ArrayList values = ... // your values
Set uniqueValues = new HashSet(values); //now unique

Answer 7

    public static List getUniqueValues(List input) {
      return new ArrayList<>(new LinkedHashSet<>(incoming));
    }

dont forget to implement your equals method first

Answer 8

When I was doing the same query, I had hard time adjusting the solutions to my case, though all the previous answers have good insights.

Here is a solution when one has to acquire a list of unique objects, NOT strings. Let's say, one has a list of Record object. Record class has only properties of type String, NO property of type int. Here implementing hashCode() becomes difficult as hashCode() needs to return an int.

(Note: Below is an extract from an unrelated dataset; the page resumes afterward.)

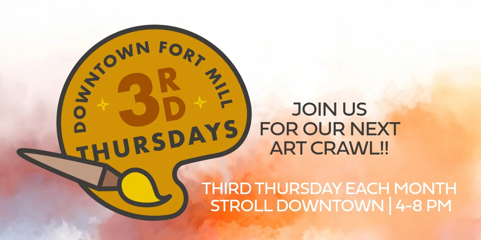 The Third Thursday of Each Month | 4–8 PM Experience an evening filled with creativity, connection, and community. Explore exhibits from over 30 local artists showcased across a variety of downtown businesses, and enjoy live painting, printmaking, pottery demonstrations, and other creativity throughout the evening. Don’t forget to look for QR codes on flyers and signage to guide your stroll and discover what’s happening next! Bring colleagues, friends, or family and be part of Fort Mill’s growing arts scene — a wonderful way to unwind, network, and support local talent. A Downtown Co-op of Fort Mill Community Event. https://www.downtownfortmillsc.com/events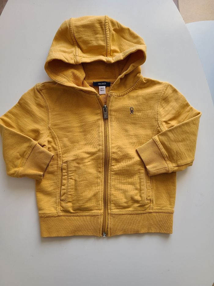 Lot de vêtements 3 ans, composé de : - 1 gilet zippé à capuche réversible Obaïbi - 1 gilet zippé à capuche jaune moutarde Okaïdi - 3 shorts : 2 Obaïbi et 1 Kiabi - 3 débardeurs Vertbaudet Tous les articles sont en excellent état, voire neufs pour certains. Pas de tache ni trou

The following is a sample Record Class.

public class Record{

    String employeeName;
    String employeeGroup;

    Record(String name, String group){  
        employeeName= name;
        employeeGroup = group;    
    }
    public String getEmployeeName(){
        return employeeName;
    }
    public String getEmployeeGroup(){
        return employeeGroup;
    }

  @Override
    public boolean equals(Object o){
         if(o instanceof Record){
            if (((Record) o).employeeGroup.equals(employeeGroup) &&
                  ((Record) o).employeeName.equals(employeeName)){
                return true;
            }
         }
         return false;
    }

    @Override
    public int hashCode() { //this should return a unique code
        int hash = 3; //this could be anything, but I would chose a prime(e.g. 5, 7, 11 )
        //again, the multiplier could be anything like 59,79,89, any prime
        hash = 89 * hash + Objects.hashCode(this.employeeGroup); 
        return hash;
    }

As suggested earlier by others, the class needs to override both the equals() and the hashCode() method to be able to use HashSet.

Now, let's say, the list of Records is allRecord(List<Record> allRecord).

Set<Record> distinctRecords = new HashSet<>();

for(Record rc: allRecord){
    distinctRecords.add(rc);
}

This will only add the distinct Records to the Hashset, distinctRecords.

Hope this helps.

Answer 9

If you have an array of a some kind of object (bean) you can do this:

List<aBean> gasList = createDuplicateGasBeans();
Set<aBean> uniqueGas = new HashSet<aBean>(gasList);

like said Mathias Schwarz above, but you have to provide your aBean with the methods hashCode() and equals(Object obj) that can be done easily in Eclipse by dedicated menu 'Generate hashCode() and equals()' (while in the bean Class). Set will evaluate the overridden methods to discriminate equals objects.